また、上記フレキシブル電子デバイスの製造方法において、熱伝導性基板が、上記式(1)に示されるポリイミド樹脂を含むのが好ましい。
Figure 2019145508
また、上記フレキシブル電子デバイスの製造方法において、支持体と熱伝導性基板の熱膨張係数差が15ppm/K以下であり、熱伝導性基板とデバイス層の熱膨張係数差が15ppm/K以下であるのが好ましい。
また、上記フレキシブル電子デバイスの製造方法において、熱伝導性基板が2層以上のポリイミド樹脂からなる多層構造であり、少なくとも1層が熱伝導性フィラーを含有する熱伝導層であると共に、デバイス層と接する側の層は、表面が平滑な平滑層であるのが好ましい。
本発明の別の態様は、金属支持体、熱伝導性フィラーを30〜80wt%の範囲で含有するポリイミド樹脂からなる熱伝導性樹脂基板、及びデバイス層が、この順番で積層されてなるフレキシブル電子デバイスである。
前記熱伝導性樹脂基板の平面方向の熱伝導率λxyが0.7W/mK以上であり、厚み方向の熱伝導率λzが0.3W/mK以上であることが好ましい。
前記熱伝導性樹脂基板が、上記式(1)に示されるポリイミド樹脂を含むことが好ましい。
前記金属支持体と前記熱伝導性樹脂基板の熱膨張係数差が15ppm/K以下であり、前記熱伝導性樹脂基板と前記デバイス層の熱膨張係数差が15ppm/K以下であることが好ましい。
本発明における熱伝導性基板は、放熱性、低熱膨張、高耐熱性、高靭性に優れ、表示デバイス又は受光デバイスの基板として適している。特に有機EL照明や有機ELテレビを含む有機発光素子の基板に用いることができる。また、すでにフィルムとして成型されている、厚さの決まったフィルムを用いるのではなく、デバイスの製造に合った樹脂溶液を使用するため、スピンコートやスクリーン印刷などによりガラス基板などの支持体上に塗布できる。この時、塗布膜厚を変化させることにより、樹脂層の厚みを最適な厚みに調整することができるので、フレキシブル電子デバイスの薄型化も可能となる。
また、ガラス基板等の支持体上に薄く樹脂を塗布することで所望の薄膜を成膜でき、その上に回路やディスプレイ層等も形成できる。靱性に優れ、熱膨張係数の低い薄膜となっているため、回路等の形成過程で熱伝導性基板又は支持体からのはがれや欠陥、そりを生じさせず、その後支持体から剥がす際には、熱伝導性基板自体にも、その上に形成された回路等にも欠陥を生じることがなく、きれいに剥がせるものである。従って、これを用いた表示デバイス又は受光デバイスとなるフレキシブル電子デバイスの製造方法は、支持体上に形成された熱伝導性基板に直接回路を形成し、その後剥離することが可能となるため、複雑な製造工程を省略することができる。そして、得られるフレキシブル電子デバイスは、薄くても靱性が高く、耐熱性にも優れるものとなる。

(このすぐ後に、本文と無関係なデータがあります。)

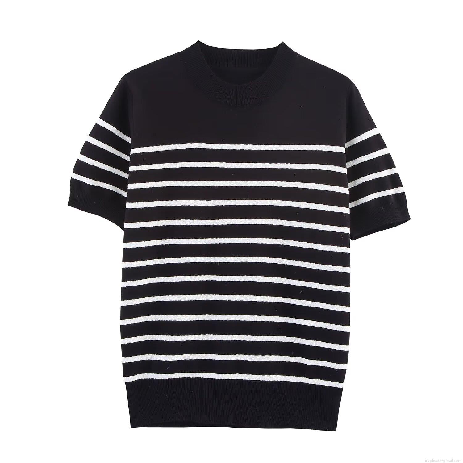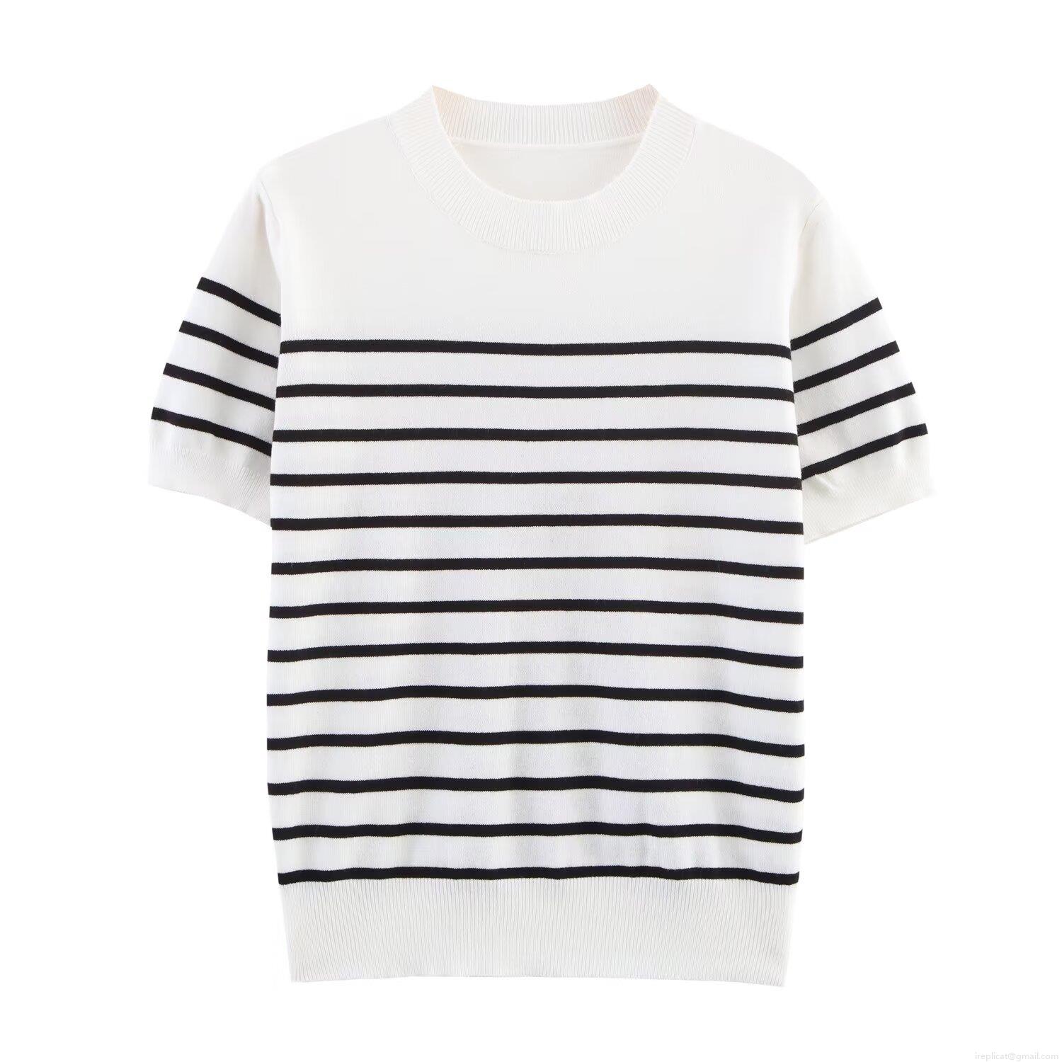 Women's Striped Knit T-Shirt Cotton Blend Hollow Out Crochet Short...

以下に、本発明のフレキシブル電子デバイスの製造方法について詳細に説明する。
本発明は、樹脂とフィラーからなる熱伝導性樹脂材料を支持体に塗布して熱伝導性基板と支持体からなる積層体を製造する工程、熱伝導性基板上にデバイス層を形成する工程、及び、支持体と熱伝導性基板を剥離する工程を有する熱伝導性フレキシブル電子デバイスの製造方法である。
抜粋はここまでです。